Friday, June 5, 2026

Streak, interrupted

I don't know if I'd have any way of accurately checking this -- I could laboriously go through Letterboxd, back to 2002 -- but I've just finished my longest ever streak of watching movies that I gave the same star rating. 

Predictably, that star rating was the all-purpose, ever-reliable, ever-milquetoast 3.5 stars.

And it was a rating I gave to every new movie I watched between May 29th and June 2nd, which in this case was seven movies.

Not a huge number? Maybe. Not a huge time period? Definitely. But as I was looking at it on Letterboxd, it felt gigantic.

Now, this is the sort of streak that is utterly within my own control. I decide the star rating I'm going to give a movie, and if I were between two different star ratings, it would be easy to select 3.5 stars instead of 3 or 4 stars just to keep the streak going.

But no, I feel like each of those star ratings of 3.5 was given fairly, with no shenanigans. 

If you want to know the seven movies in this streak, they were:

Eleanor the Great
My Dead Friend Zoe
Ever After
Americana
The Crash
Fay Grim
The Death and Life of Marsha P. Johnson


I don't need to spend any additional time discussing them. Two of them I've already discussed. 

When I started watching Girl, Interrupted for the first time ever on Thursday afternoon, I sensed the streak was going to "finally" (too short to use that word) end. But I thought that's because I was going to give James Mangold's film four stars.
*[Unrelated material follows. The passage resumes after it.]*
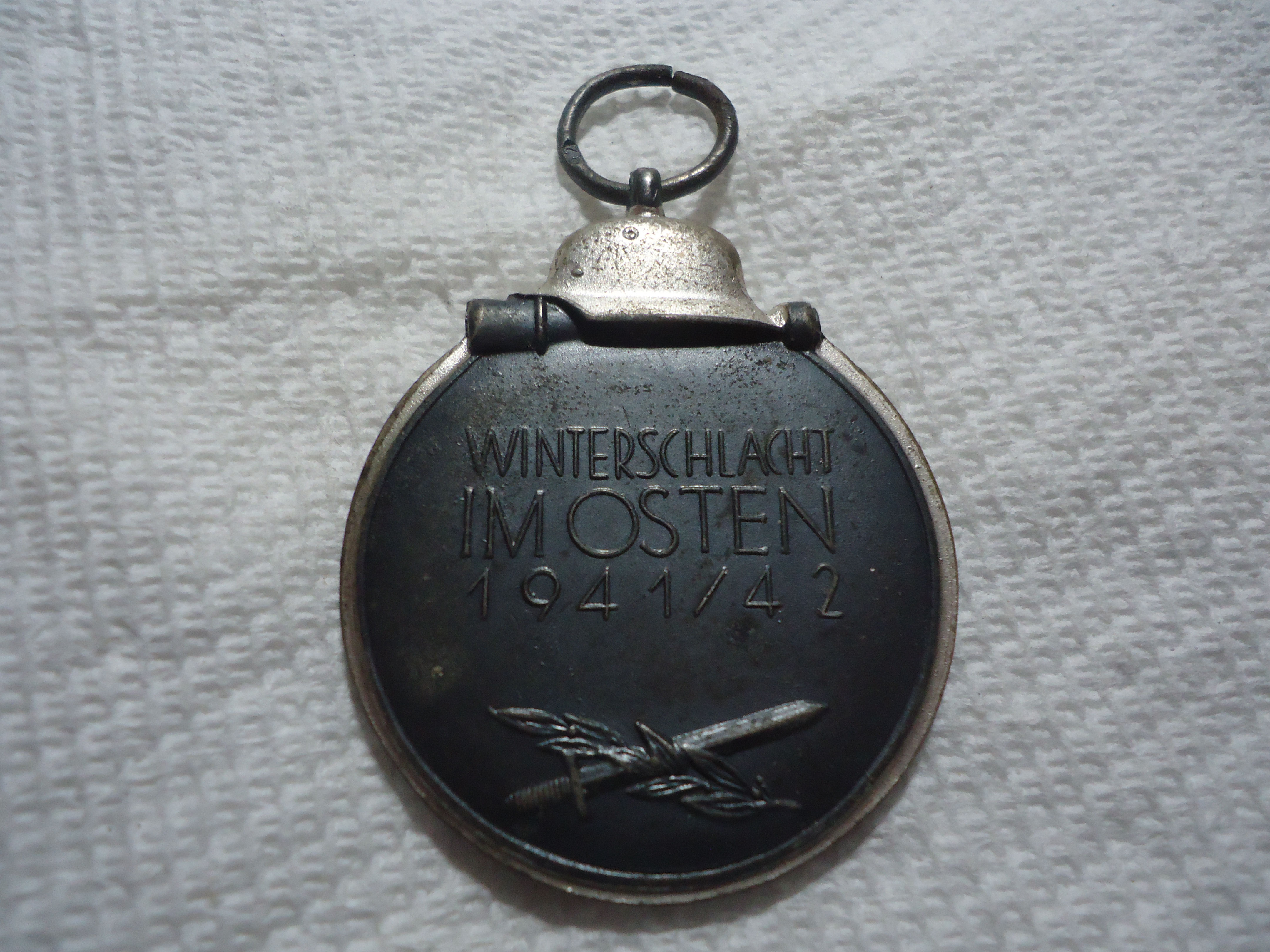 NEAR MINT, FULL FINISH, SHORT RIBBON, RUSSIA FRONT MEDAL, VERY NICE OVERALL MARKED 92 ON RING, JOSEF RUCKER & SON. WINTERSCHLACHT IM OSTEN 1941/42

Yes, despite reservations about the probable overwrought nature of this movie, which had kept me from watching it for 27 years, I was vibing with it well in its first half. 

It might have been around the time our heroine, played by Winona Ryder, tries to insult a nurse played by Whoopi Goldberg by talking in a racist take Southern Black accent that my feelings on the movie started to turn. (In 1999, perhaps this was not disqualifying of our sympathies, plus the movie was set in the 1960s.)

Or maybe it was during a suicide sequence that is so drawn out in the narrative that the audience is ten steps ahead of the characters during the entire staging, including the episode of verbal abuse leading up to it by co-star Angelina Jolie.

Whatever the case, Girl, Interrupted did morph into the movie I thought it would be at that point, and instead of a half-star above that 3.5, I went a half-star below. And probably could have gone lower, but I did retain the positive feelings from the first half.

Jolie? I'm not sure it's an Oscar-worthy performance, especially during the climax.

I know I'm not starting another streak because the next movie I watched, the idiotic "sharks in a hurricane" movie new to Netflix called Thrash, received a rare 1 star from me.